Postponed purchase communication was mentioned more in children’s focus groups and was sometimes connected to reward, bargaining, negotiation, budgeting, and financial communication. If a child desires something expensive or not immediately necessary, parents agree to provide it in the future after certain conditions are met. The statements highlight that purchasing certain items, such as sneakers or clothes, can be tied to an individual’s growth and practicality. The mention of buying something that will be worn longer suggests that the parents consider the longevity and durability of the item before making a purchase. Parents and children also mention specific occasions, such as birthdays, as potential opportunities to acquire desired items. It also suggests a possible strategy for budgeting and planning purchases around events. The conversation indirectly touches on the concept of delayed gratification.
F58 (boy, 12): and if it’s for sneakers, then they tell me—we’ll buy them in the summer, when my feet grow.
F30 (girl, 11): A few years later, we got a little dog, and the dog is now two years old.
Mother 25: when your feet grow and it will be something you will wear longer, then we will buy it.
Mother 26: so, I say then we’ll get it for a birthday, for the New Year, like that.

5. Discussion

The first specific aim of this research was to determine which products children in Croatia ask their parents to buy. The statements from children’s and parents’ focus groups indicate that the most frequently mentioned children’s purchase desires are clothing and sugary food. Regarding clothes, children mention the importance of sneakers and sweatshirts. They often name brands and mention peers’ influence in forming their purchase desires. That is in accordance with some studies that have highlighted the importance of clothing for children in relation to self-identity, peer group membership, and self-esteem (Badaoui et al. 2012; Chen-Yu and Seock 2002; Wilson and MacGillivray 1998). For example, one study found that child preference for clothing brands is influenced by their identified clothing styles, media, and music. This research also showed that children often request sugary foods like chocolate, sweets, and ice cream. Those are less expensive, so parents often provide them for their children (Chen-Yu and Seock 2002). That is also found in other studies, which showed children’s interest in buying food high in sugar (Aluvala and Varkala 2020; Baldassarre et al. 2016).

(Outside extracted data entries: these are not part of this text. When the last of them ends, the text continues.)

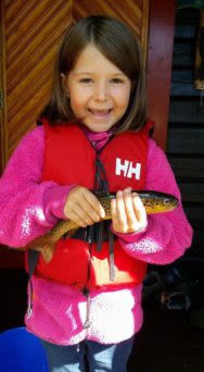Michelle på fisking i Telemark. Vi valgte å fiske med mark. Barna øver også på å kaste med stang.
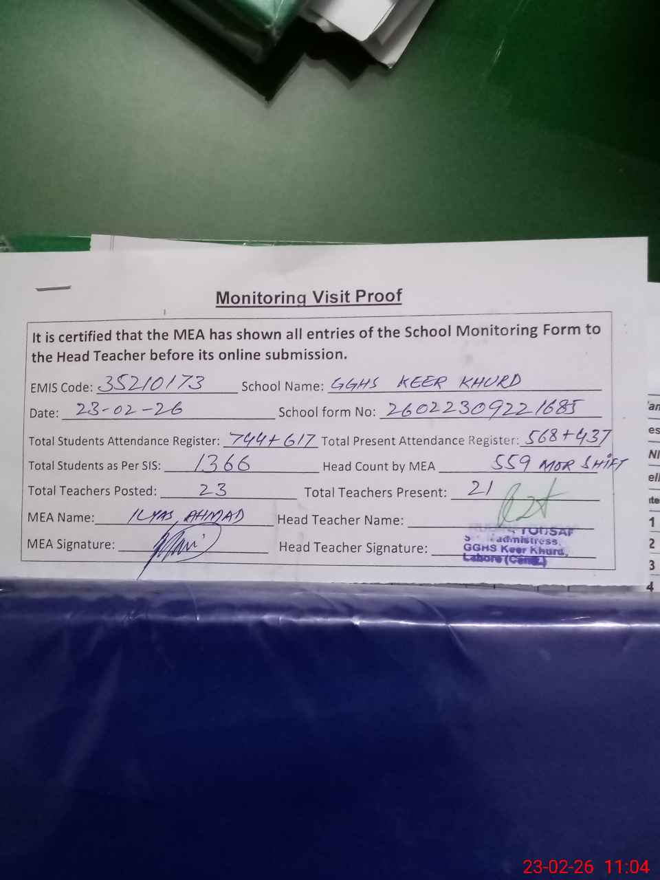 | Attendance Register | Head Teacher | MEA with School | Visit Proof |
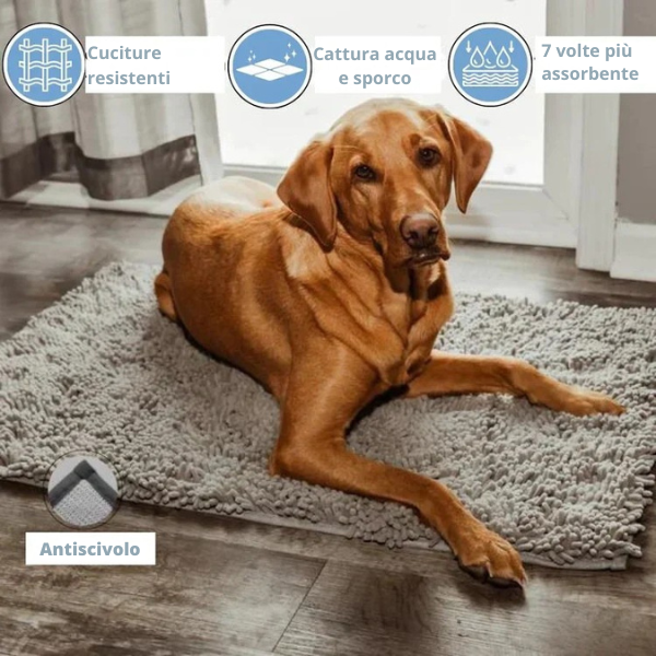 Il Tappeto CleanPattoune™ è pensato per mantenere pulita la tua casa dai segni di fango, acqua e sporco portati dalle zampe dei tuoi animali domestici.
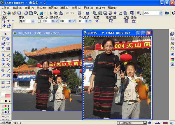 首先打开Photolmpact程序,然后将主体比较小的相片导入到编辑区域中,接下来在工具栏中选择一种选取工具,建议用户应用矩形选取工具,以便于得到矩形相片,只需在选取工具的“形状”属性下拉菜单中选择“矩形”形状就可以,然后通过鼠标在相片中选择所需的部分。
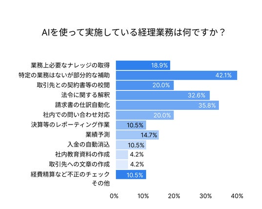AIを活用している業務を調査したところ、上記グラフのように「特定の業務はないが部分的な補助」(42.1%)が最多で、完全な自動化というより作業負荷を軽減するための使い方が中心となっています。「請求書の仕訳自動化」(35.8%)などの定型的な処理から、「法令に関する解釈」(32.6%)「取引先との契約書等の校閲」(20.0%)といった専門的な知識が求められる業務まで、幅広い領域でAIの活用が進んでいることが分かります。一方で、「業績予測」(14.7%)や「決算等のレポーティング作業」(10.5%)といった、より高度な判断や分析を必要とする領域では、まだ活用が限定的であることがわかります。
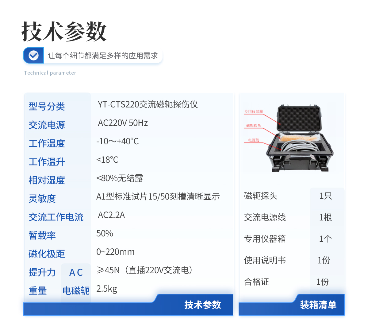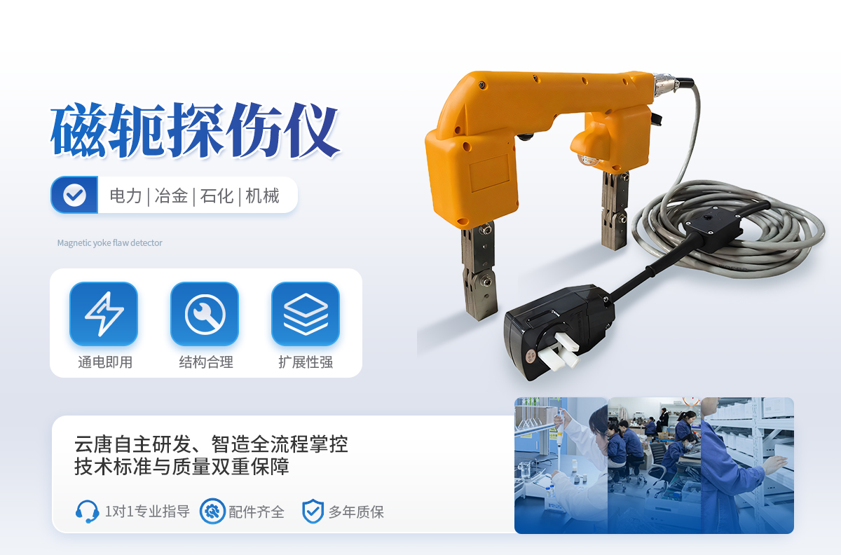 YT-CTS220交流磁轭探伤仪 ,无主机设计,操作简单方便,噪音小、重量小、适用性强,工作稳定。适用于电力、冶金、石化、机械等行业各类钢铁结构件,锅炉、压力容器、压力管道及各类型焊接结构的铁磁性材料表层及近表层缺陷的磁粉探伤。该探伤仪可以直接连接交流电使用,也可以选配交流磁化电源和直流磁化电源使用,**轻便。特别适用于船体焊缝检测、高空钢结构焊缝检测及压力容器内部作业。
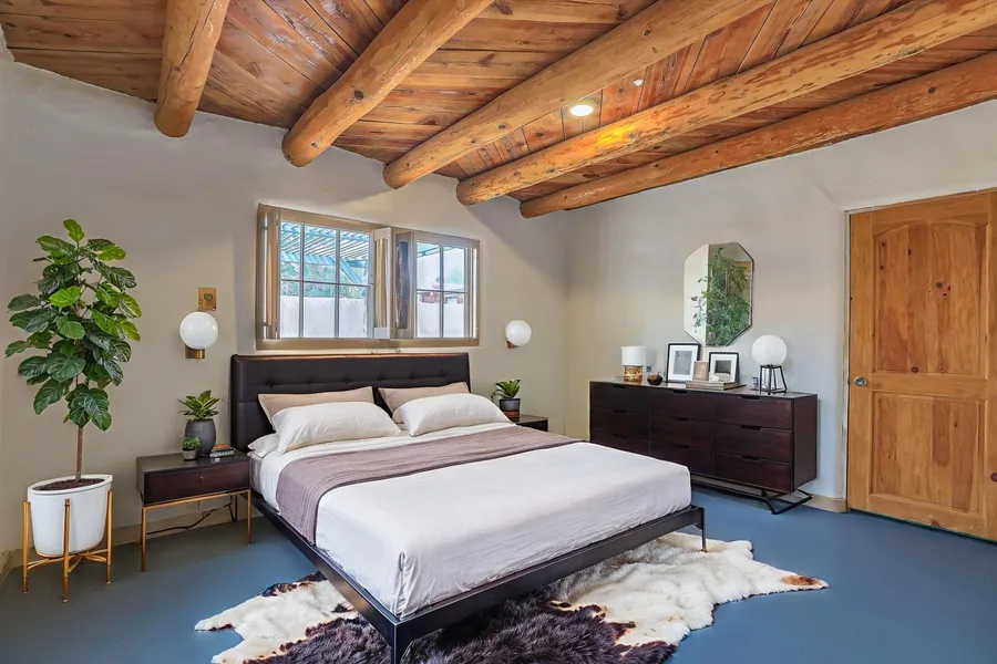 One-of-kind property in a one-of-kind location! This Watson adobe home is steps away from Tiguex Park, Old town, museums, the Abq Bio Park, shops and eateries. Incredible, walkable location on a private, tree-lined street. The home itself has been beautifully updated and lovingly maintained, while keeping it's old-world charm. Y'all will love the hardwood floors, tongue-in groove ceilings with large viga timbers, and the woodburning kiva fireplace. The open, eat-in kitchen boasts modern amenities such as stainless-steel appliances, and granite countertops. The screened in porch, covered patio and heated and cooled outbuilding provide additional flex spaces. If you want a home with authentic New Mexican character, this is the one you have been waiting for!

The second specific aim of this research was to determine what communication children employ to acquire requested purchase items. After the initial request, children employ persuasion tactics such as explaining the item’s importance and persistent asking, which is in accordance with previous findings (Caruana and Vassallo 2003; Garison et al. 1999). Both children and parents employ bargaining and negotiation. In this case, the reward is the desired item. Parents use this theme to instil a sense of responsibility and work ethic in their children. By linking rewards to specific achievements or tasks, the parents teach the children the value of putting in effort and working towards their goals. This approach can help develop a sense of responsibility. Rewards can be important in personal growth and development. By setting goals and having rewards tied to them, children are motivated to work harder and improve themselves. That can promote self-discipline and a sense of accomplishment. It is essential to state that both parents and children start this communication. That means that parents tell their children they will buy the item if specific requirements are met, but children also state they will get good grades or do their chores to get the item. The negotiation between children and parents about product purchases has been documented in the literature (Palan and Wilkes 1997; Moschis 1985). The importance of reward to children is also well documented (Badaoui et al. 2012; Wilson and MacGillivray 1998).

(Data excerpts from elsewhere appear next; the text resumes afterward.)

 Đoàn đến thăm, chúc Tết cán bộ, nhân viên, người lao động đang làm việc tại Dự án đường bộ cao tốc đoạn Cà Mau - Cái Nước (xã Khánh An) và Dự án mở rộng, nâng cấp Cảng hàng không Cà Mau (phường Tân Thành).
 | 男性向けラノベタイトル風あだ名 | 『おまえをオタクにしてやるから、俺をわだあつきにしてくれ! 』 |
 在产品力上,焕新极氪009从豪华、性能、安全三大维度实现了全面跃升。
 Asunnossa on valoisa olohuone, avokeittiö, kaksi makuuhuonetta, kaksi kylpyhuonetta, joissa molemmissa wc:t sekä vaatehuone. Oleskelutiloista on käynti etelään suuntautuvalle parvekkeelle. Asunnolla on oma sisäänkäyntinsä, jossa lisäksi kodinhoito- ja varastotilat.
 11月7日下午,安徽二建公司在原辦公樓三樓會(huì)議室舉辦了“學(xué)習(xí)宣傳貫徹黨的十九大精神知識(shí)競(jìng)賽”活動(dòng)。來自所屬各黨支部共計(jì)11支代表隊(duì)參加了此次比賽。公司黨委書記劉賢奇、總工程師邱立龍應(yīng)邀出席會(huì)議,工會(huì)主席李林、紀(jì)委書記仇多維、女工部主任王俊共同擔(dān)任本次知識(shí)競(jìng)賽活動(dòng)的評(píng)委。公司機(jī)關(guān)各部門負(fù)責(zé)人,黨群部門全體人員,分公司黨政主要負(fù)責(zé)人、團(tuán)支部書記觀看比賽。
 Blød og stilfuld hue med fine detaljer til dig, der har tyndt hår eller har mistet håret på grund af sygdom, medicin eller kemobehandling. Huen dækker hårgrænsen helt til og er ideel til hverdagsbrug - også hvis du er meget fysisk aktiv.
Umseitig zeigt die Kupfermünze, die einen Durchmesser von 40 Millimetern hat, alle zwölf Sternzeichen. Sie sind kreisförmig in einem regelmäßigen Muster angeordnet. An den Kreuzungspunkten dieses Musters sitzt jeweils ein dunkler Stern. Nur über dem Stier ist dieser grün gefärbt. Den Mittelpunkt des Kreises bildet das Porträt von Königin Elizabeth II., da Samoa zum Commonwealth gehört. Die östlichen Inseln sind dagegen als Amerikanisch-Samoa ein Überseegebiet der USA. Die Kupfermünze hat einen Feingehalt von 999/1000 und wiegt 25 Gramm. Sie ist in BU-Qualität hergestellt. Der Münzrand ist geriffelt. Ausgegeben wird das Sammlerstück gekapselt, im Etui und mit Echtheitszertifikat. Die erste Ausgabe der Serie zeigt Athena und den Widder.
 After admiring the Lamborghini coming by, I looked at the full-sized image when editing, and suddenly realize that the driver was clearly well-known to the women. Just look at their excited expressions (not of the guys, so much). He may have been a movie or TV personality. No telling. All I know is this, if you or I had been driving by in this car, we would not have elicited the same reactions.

Following this, the third specific aim was to determine what communication parents employ to answer their children’s requests. The most dominant communication theme revolves around budgeting and finances. Children and parents frequently use the word "expensive" to illustrate the importance of finances in purchasing. Parents initiate this communication. Parents use it to help children learn and discuss priorities, budgeting, and long-term goals. Parents often refer to children saving their own money to acquire expensive items. Through this type of communication and agreement, children learn responsible money management. Parents can carry out the process of financial socialization in an implicit or explicit form (LeBaron and Kelley 2021)—explicit in direct teaching, recognition of the value of money, distinguishing between needs and wants, and teaching children how to earn, manage and save money (Jazuli and Setiyani 2021), and implicit in a story or game and a role model shown in everyday financial behavior, such as when shopping and saving (Rosalia et al. 2022). The literature emphasises communication with children about money, especially saving their own money (John 1999; Spiro 1983). This communication is often connected to the usefulness of desired things. By evaluating the necessity and practicality of the desired items, the parents aim to teach their children about responsible decision-making, financial literacy, and the value of things. Articles in the literature state that practicality is important to parents who make purchase decisions (Bucciol and Veronesi 2014; Kohls et al. 2009; Towner et al. 2023). Parents also employ postponing purchase communication and connect it to the previous two. This type of communication and agreement is important because it provides delayed gratification and teaches children patience. Studies in the literature state that delayed gratification can benefit children through healthier coping mechanisms and better overall well-being (Horning et al. 2017; Kumar and Pareek 2018; Trzcińska and Sekścińska 2016; Webley and Nyhus 2006). Existing research shows that more nurturing and permissive parental styles, in contrast to authoritarian parental styles, are more likely to yield to children’s purchase requests. Therefore, in these cases, children tend to have more influence in their parents’ purchases for the entire family (Ndou 2023; Sarwar 2016).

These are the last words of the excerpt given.